======== EXERCISE DATA ========

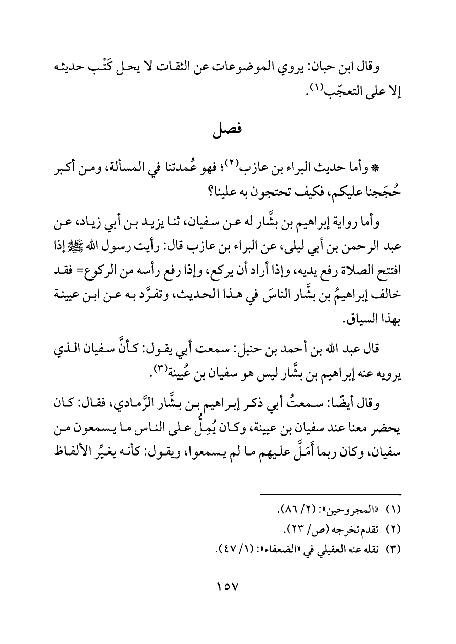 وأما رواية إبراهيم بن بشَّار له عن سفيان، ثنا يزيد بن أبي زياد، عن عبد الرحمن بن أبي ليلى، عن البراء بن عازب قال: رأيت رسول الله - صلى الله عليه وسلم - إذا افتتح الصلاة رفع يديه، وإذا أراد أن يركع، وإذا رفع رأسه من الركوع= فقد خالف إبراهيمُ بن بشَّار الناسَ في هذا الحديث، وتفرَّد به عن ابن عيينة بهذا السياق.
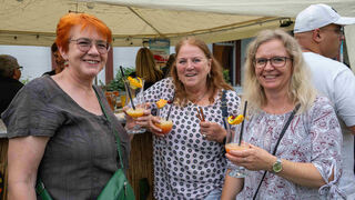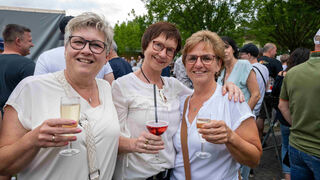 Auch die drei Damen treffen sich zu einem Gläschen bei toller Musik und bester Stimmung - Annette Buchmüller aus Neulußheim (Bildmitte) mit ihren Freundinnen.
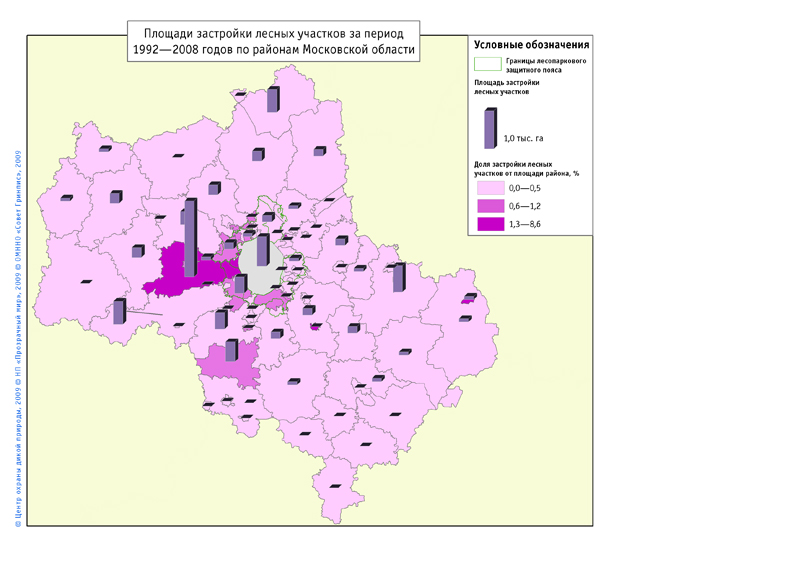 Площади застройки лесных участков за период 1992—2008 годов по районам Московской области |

========

## TASK REQUIREMENTS
In copying the material, drop all pictures and keep everything else identical.

## SOLUTION
 وأما رواية إبراهيم بن بشَّار له عن سفيان، ثنا يزيد بن أبي زياد، عن عبد الرحمن بن أبي ليلى، عن البراء بن عازب قال: رأيت رسول الله - صلى الله عليه وسلم - إذا افتتح الصلاة رفع يديه، وإذا أراد أن يركع، وإذا رفع رأسه من الركوع= فقد خالف إبراهيمُ بن بشَّار الناسَ في هذا الحديث، وتفرَّد به عن ابن عيينة بهذا السياق.
 Auch die drei Damen treffen sich zu einem Gläschen bei toller Musik und bester Stimmung - Annette Buchmüller aus Neulußheim (Bildmitte) mit ihren Freundinnen.
 Площади застройки лесных участков за период 1992—2008 годов по районам Московской области |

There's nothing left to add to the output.